Hi Becky, We just started the connections academy. We haven't even received our books yet, but we are able to do some stuff online. I'm kind of frustrated with it, but will give it some time especially since we don't have their school books, and haven't talked with the teacher yet. Both my girls (turning 5 and 6 this month) tested into first grade math, but my youngest can't even attend "kindergarten" yet because of the stupid state cut off dates. She's considered pre-K and can't do the online schools. My older daughter tested 1st grade ready for language arts but because she also misses the cut off date they can't put her into first grade. So she's kind of stuck doing kindergarten level for now, until the teacher can verify it's way to easy and then MAYBE she will be able to work through it faster and start working on first grade level stuff. Although I do work with her current level at home after the "kindergarten" stuff which instead of taking 2.5 hours as needed by the state, it take about 45 minutes to do all her classes. LOL.


----------



## beccachow (Nov 8, 2008)

Yeah, with the Calvert we were done everything in an hour and a half or so, lol. i didn't gt the teacher option, so it is all up to me. SO far, the reading is very below her level, but I expected that. The math seems about her level, and the science is starting with things we did last year, the history is starting with maps and such that we did last year, so she will get areview before diving in. I didn't want to go with a "gifted" curiculuum, but really should have gotten a more difficult reading/vocabulary book; but just one subject advanced wasn't an option. The kid can't tell time on a watch but reads at about a 9th or teth grade level, lol. :doh:


----------



## PNWKatie (Aug 4, 2012)

LOL. Well, I feel a little better about the school after talking with her teacher today. She can test up to her ability and test into her current level in each subject. YEAY!! So we'll spend this week taking tests and get her were she needs to be, then they'll send the next level course work, but won't change her on paper grade. Which means that if she finishes with the first grade level stuff by the end of the school year, they'll send her the second grade curriculum for next year! I'm okay with that as long as I don't bore her to tears trying to reteach everything from last year!


----------



## beccachow (Nov 8, 2008)

I am finding a lot of repetition in what I was looking at so far as well. Think of it as a vacaton for her little brain!


----------



## PNWKatie (Aug 4, 2012)

LOL. A couple of days vacation is okay, a whole year of it is way to much! LOL. She's picked out 6 countries to learn about this year: Japan, China, India, Brazil, Russia and Ghana. I guess we'll work on Japan for the time being that should keep her busy until her materials arrive and then it's trying to load up on the math testing to get where she needs to be. I see lots of tests in her near future!


----------



## Dusky Beauty (Jan 4, 2012)

I'm keeping my DDs in the local public school for now (their teachers really are amazing at what they do) 
But I am keeping online charter in reserve just in case. Its a great program for kids that can be motivated to accomplish. Curriculum was good. My sister didn't do well on it because she wasn't motivated enough to perform without the pressure of a face to face teacher-- but for a kid with a thirst for learning, it's great! My friend has a special needs (extreme add) middle school son for whom school was always a problem-- everyone at the public schools she tried pegged him as a bad kid-- he sparkled with k12 and not having a classroom and prejudiced teacher getting in the way.

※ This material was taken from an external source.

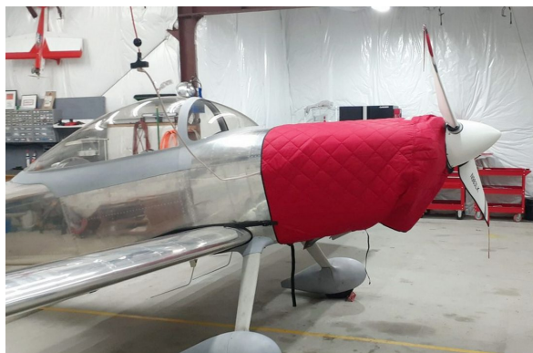
Van's Aircraft RV-8/8A Insulated Hangar Blanket, Interior Use

This cover type is made from Silver Acrylic Sunbrella canvas and is 100% lined with a soft and smooth microfiber. Bruce's Custom Covers developed this material combination especially for aircraft protection. The outer material is medium weight and treated for water resistance, UV resistance and anti-static buildup. The inner lining is a very soft and smooth microfiber to prevent scratching. The material is very reflective, and tests show that the cabin interior temperature can be reduced to near-ambient temperature on the hottest of days. It is water, ice and snow repellent, yet breathable to allow moisture to escape from between the cover and the aircraft surface.

I have a great respect for the well rounded curriculum-- My mom essentially unschooled me from 3rd to 7th freestyling it with whatever material she felt was of educational value. Just because I'm great at being self taught, does not mean I was good to go-- returning to public school for a regular diploma was extremely difficult to catch up in math.


----------



## siberian (Aug 23, 2011)

Leaving online and sending them back to school.


----------



## PNWKatie (Aug 4, 2012)

Sorry to hear it didn't work out for you. Do you mind sharing what happened? If not that's okay. So far my daughter seems to enjoy the online school.


----------



## Calhoon (May 25, 2012)

well , the short answer to your op is NO , our kids went to public schools here in NC. 

now , I have taken several on-line courses my own self . 

The very first on-line course I took was on how to use a pc to take an on-line course , golly bob howdy , it was a chinese fire-drill , LOL , dang near went crazy trying to understand the terminology ... 

I passed it , barely , but I had a really great on-line instructor . It made a lot of differance . 

I've friends out West that home-schooled their kids , and they did ok . many of them went on to college . 

In many ways , home schooling has advantages over public schools , but in either case , there's gonna be homework , and a real live- there- in- the- classroom teacher can sure be a help , especially when it comes to Algebra . . 

I never understood Algebra , seems a waste of time , all those algorithms. 

I made straight A's in physics , mechanical & electrical , but failed Algebra miserably ... :sob:


----------



## lonelyfarmgirl (Feb 6, 2005)

I just wanted to jump in here and say we are three or four weeks into DD new online school, Online Education Programs : Classical Education : Founding Fathers : Homeschool Classes : Judeo Christian Values : Online Learning Foreign Language : FreedomProject Education.

I have to say I find it superior in every way and am very impressed with them. The live interactive classroom is interesting and holds attention, there is instant messenger for the students and she has made several friends, they have phone tutors available during business hours, and each teacher has a separate online teacher talk for extra help once a week. Teachers she has emailed about various issues have responded quickly and appropriately.

The work load is heavy, but its acceptable. Three of the 5 teachers have contacted me privately at least once just to 'keep me in the loop' and say hello, and I have also received two phone calls from the school director for the same reason. She has got to be the nicest person I've ever talked to in my life, really.

The course material is superior.

HIGHLY recommend this school. Not cheap, its 1600 a year plus books, which run 300+, but if you can swing the money, its worth every penny.


----------



## beccachow (Nov 8, 2008)

I have thoroughly enjoyed the K12 Independant program so far as well.

There is just enough fun games and interactive lessons to keep her interested and just enough real books and work to keep her going. History seems as though it will be exceptionally fun this year!


----------



## PNWKatie (Aug 4, 2012)

We are only on our second week but we are enjoying it! The teacher is great and the live lesson each week is fun and interactive. We have two field trips scheduled with the class for October. We are going to be done with K math and science before Christmas! LOL. So she'll get to start first grade math and science in January. I love the flexibility: we have company for two weeks, and of course the girls are just doing the bare minimum right now. Still working at the K level with language arts, since she doesn't like to do that as well as the other subjects. Will see how the rest of the school year goes before deciding to online school again next year, or just do the regular homeschool thing.


----------